There were some published models developed for the assessment of lymph node disease of lung cancer [28–32]. Some either only focused on the outcome of MNM, or only the preoperative variables were included while appropriate candidates for limited LN resection should be with pathological confirmation of negative LNs, both in the hilar and the mediastinal regions. For these reasons, none of these models is commonly employed in clinical practice. In our models, on the other hand, all variables, from the radiographic size of tumour to visceral pleural invasion, are available before or during operation by regular measures in routine clinical practice without consuming any extra resources or time. The models are even easier to use in clinical practice with the associated nomograms guiding surgeons to choose the optimized method for LN dissection rapidly.

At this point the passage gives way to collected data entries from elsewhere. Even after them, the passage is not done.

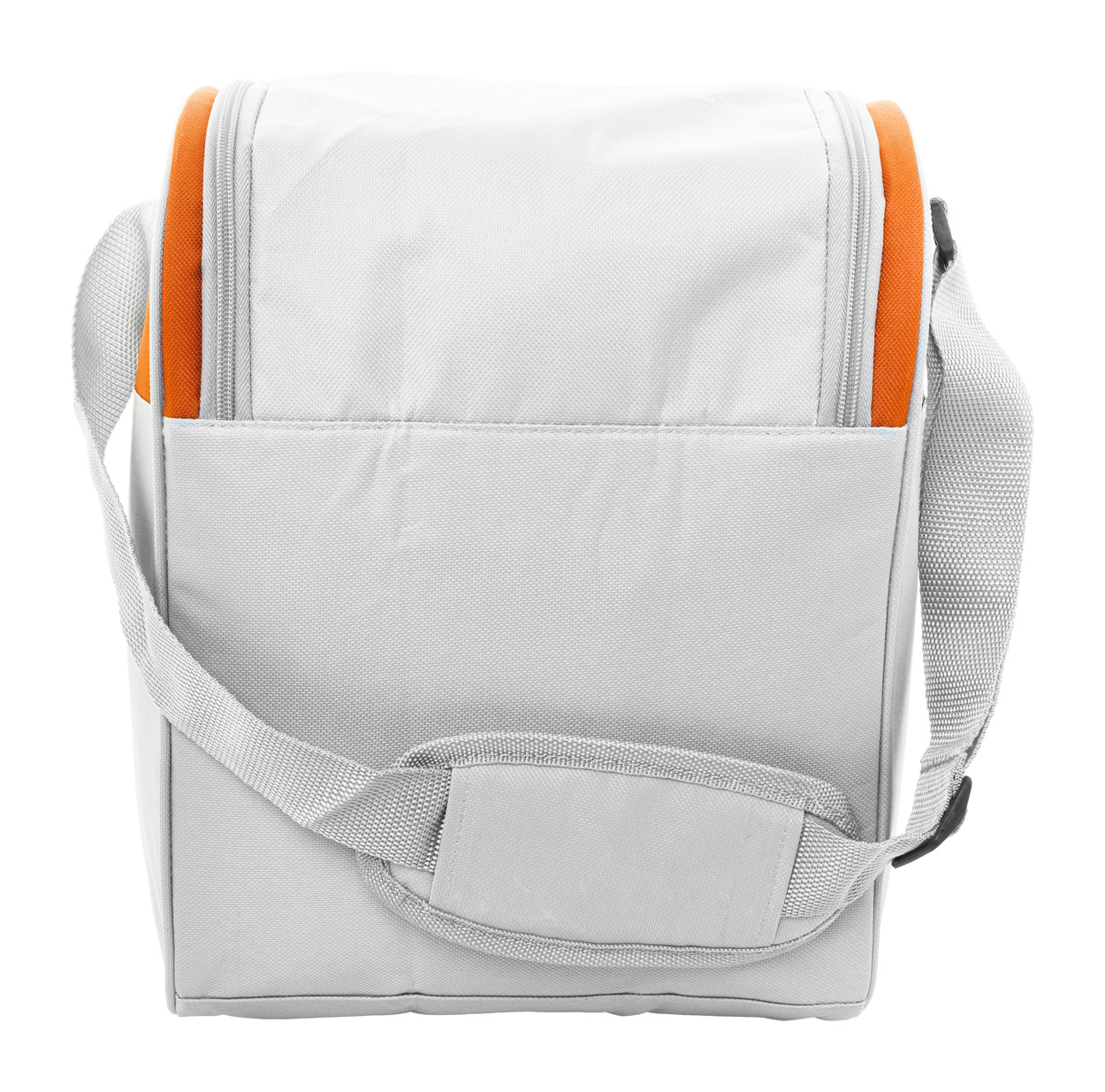 RPET-Kühltasche mit Aluminium-Polsterung. Mit 2 Reißverschlussfächern, kleiner Fronttasche und verstellbarem Schultergurt. Material: 600D RPET-Polyester. Mit RPET-Label.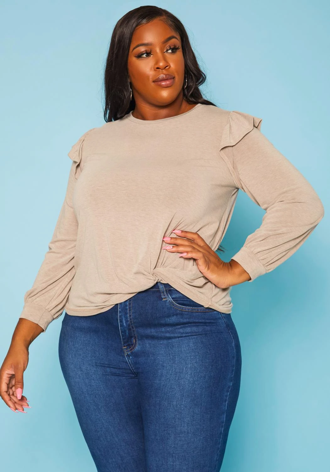 Chic plus size women’s top in round neck style, long sleeves, ruffle trim and twist hem detail.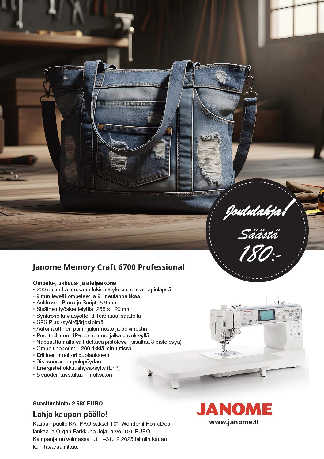 Memory Craft 6700P on ammattitason ompelukone upeilla puoliteollisilla toiminnoilla. Tämä ompelukone hyödyntää teollisten ompelukoneiden korkeaa ompelunopeutta (jopa 1200 tikkiä minuutissa). Tämän lisäksi ompelukoneessa on suuri työtila, kone on vahva ja vakaa ja koneessa on AcuFeed-syöttöjärjestelmä, mikä takaa sujuvan kankaan syöttymisen materiaalista toiseen. Voit käyttää ammattistason HP-pistolevyä ja HP-paininjalkaa tarkkaan ompeluun. Memory Craft 6700 Professional on kooltaan kuin mikä tahansa kodin ompelukone, se käyttää tavallista sähkövirtaa ja sitä on helppo kuljettaa. Koneessa on monia toimintoja, jotka tekevät ompelukoneen käyttämisestä helppoa kuten langanleikkaus, neulastop, paininjalan lisänosto, polvinostin ym. Tästä koneesta löydät kaikki ominaisuudet, jotka tekevät ompelustasi helppoa.

In a case of clinical stage I NSCLC, when intraoperative rapid pathological results reveal invasive lung cancer, standard lobectomy will be performed with the following recommendations for LN dissection which are based on the patient’s category of the prediction models (Table 4). (1) When HNM low risk plus MNM low risk, there is no need to dissect the lymph nodes or only regional LN sampling is adequate. (2) When HNM high risk plus MNM low risk, it usually refers to a central tumour involving the bronchial tree. In this case, complete dissection of hilar-intrapulmonary LNs is a requirement but no need to dissect mediastinal lymph nodes or just do regional LN sampling in the mediastinum. (3) When HNM low risk plus MNM high risk, it usually indicates skipping metastasis in peripheral lung cancer invading the lung membrane. In this case, complete mediastinal LN dissection is required but no need for hilar-intrapulmonary LN dissection or just do regional LN sampling in this region. (4) When HNM high risk plus MNM high risk, a systematic LN dissection is required, including the hilar-intrapulmonary region and the mediastinal region.
Given the retrospective nature of this single-institution study, selection bias is inherent in our study population. Although we validated the models, they still need to be validated by patients from comparative centres. The serum status of CEA and CYFRA221 was predictive factors in our models, but the kinds of tumour marker may not be the same at different hospitals which limits the application of the model. Moreover, the interval between blood test of tumour markers and surgery was not uniformly standardized, which may exert an uncertain impact on the serum status. As our study did not include the tumor recurrent status or the survival rate in this patient population, the relationship between survival rate and predictive value is unknown [33]. Last but not least, there occurs inaccuracy to some extent on the rapid pathological results of the risk-predicting variables during operation, such as visceral pleural invasion, bronchial mucosa and cartilage invasion, and vascular invasion. However, it could be improved in the near future with the development of advanced tools for pathological diagnosis.